At the root of this shambles is the dual approach that the Nationalist campaign is obliged to adopt. On the one hand, it tells us that the referendum offers the biggest change in 300 years. At the same time, it seeks to reassure the sceptical masses that it is really little more than a managerial reorganisation in which most things would stay the same – from Queen to currency, through EU and Nato.

Alas, the SNP cannot have it both ways. And the former version is much closer to the truth than latter. You cannot break up a 300-year-old union without massive pain and disruption – economic and social as well as political. The more the Nationalists deny that reality, the less credible their case becomes.
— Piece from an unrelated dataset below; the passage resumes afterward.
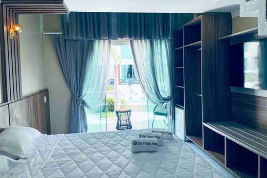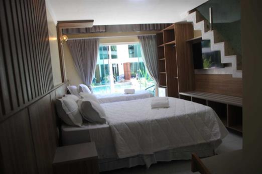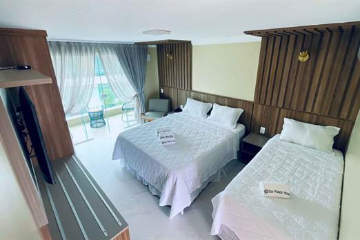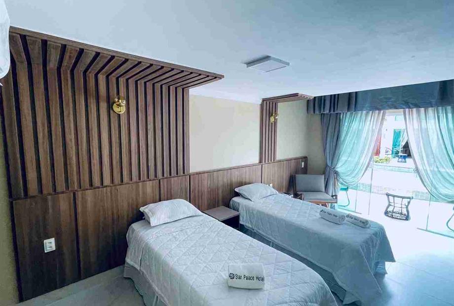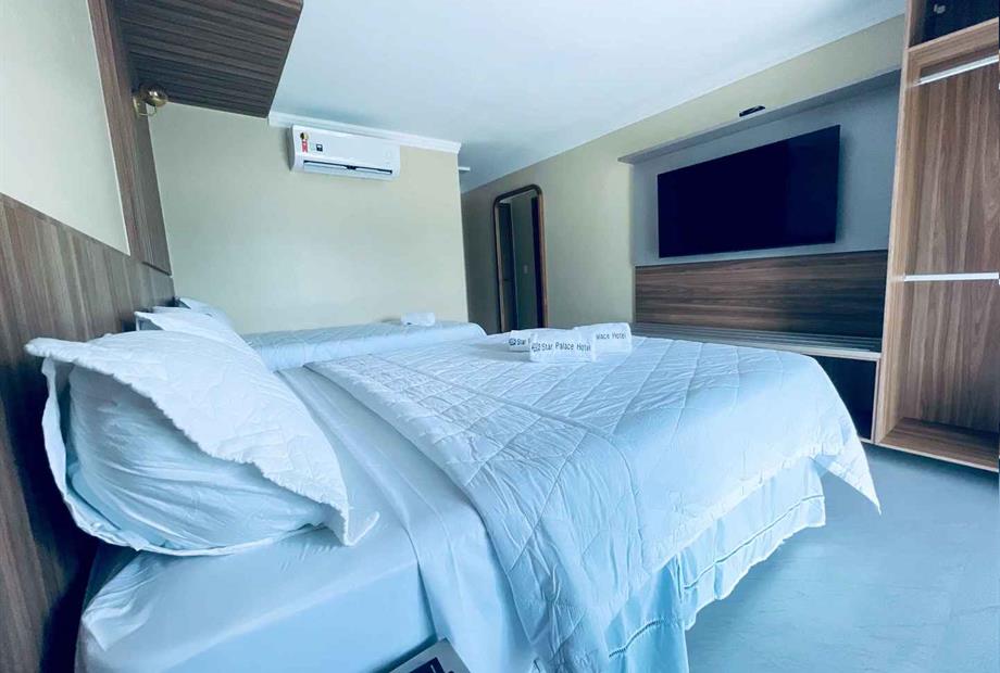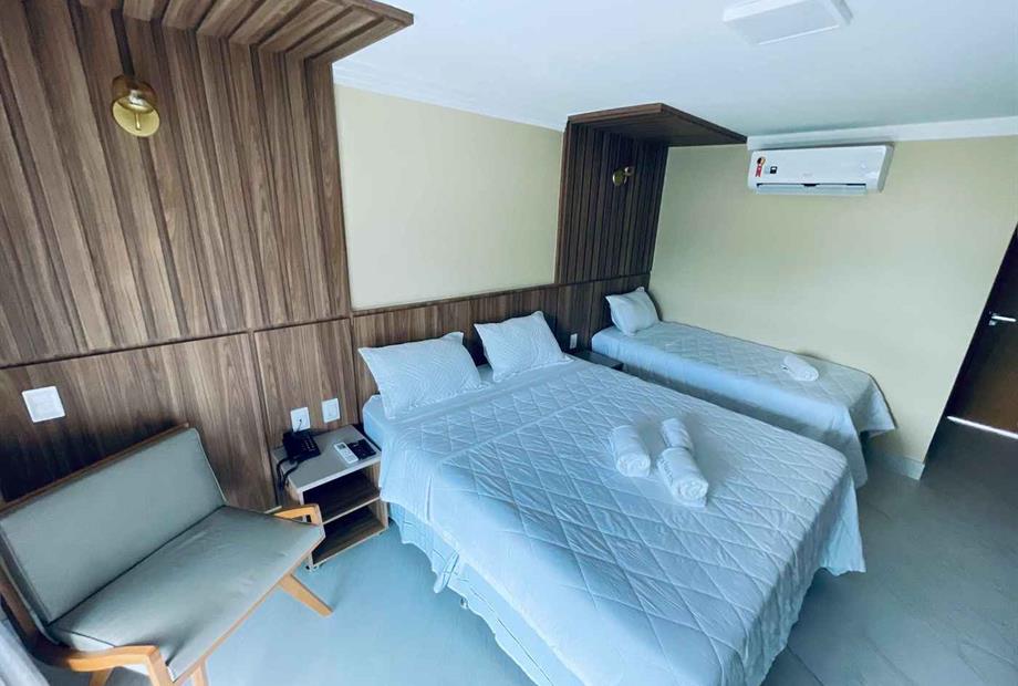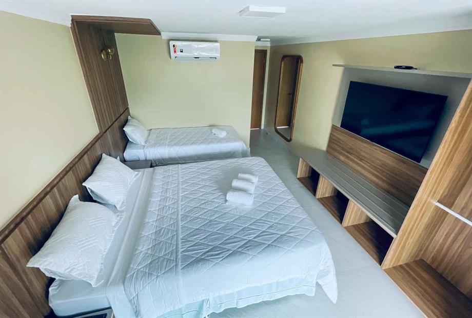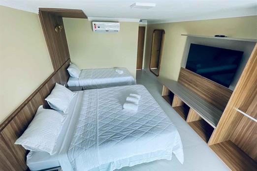 01 cama queen size e 02 camas de solteiro. Ou pode ser preparado com 02 camas queen size. Com capacidade para acomodar até 04 adultos e 01 c...

The assumption that this would be a benign parting of the ways, with the rump state exuding nothing but generosity and goodwill towards the seceding nation, is based on hope rather than evidence. The idea that the Bank of England would give a second thought to the pleadings of those who had just turned their back on the United Kingdom is just another tale which was spun and is now being unspun. When it suits the SNP’s script, we are told that Scotland would become a Scandinavian-style Valhalla without the tax rates to match.

It would be difficult trick at the best of times. But it becomes nonsensical when, at the same time, it is the SNP’s policy to leave all of the macro-economic decisions in the hands of what by then would be a foreign state. I doubt if Norway would want to be run by the Bank of England.

There are minorities on both sides of the independence debate whose views come entirely from the heart rather than the head and who are impervious to arguments about currency or anything else. These are respectable positions to hold. For most, however, ever-changing, unsubstantiated assertion is simply not enough and once again that is what the Nationalist currency policy adds up to.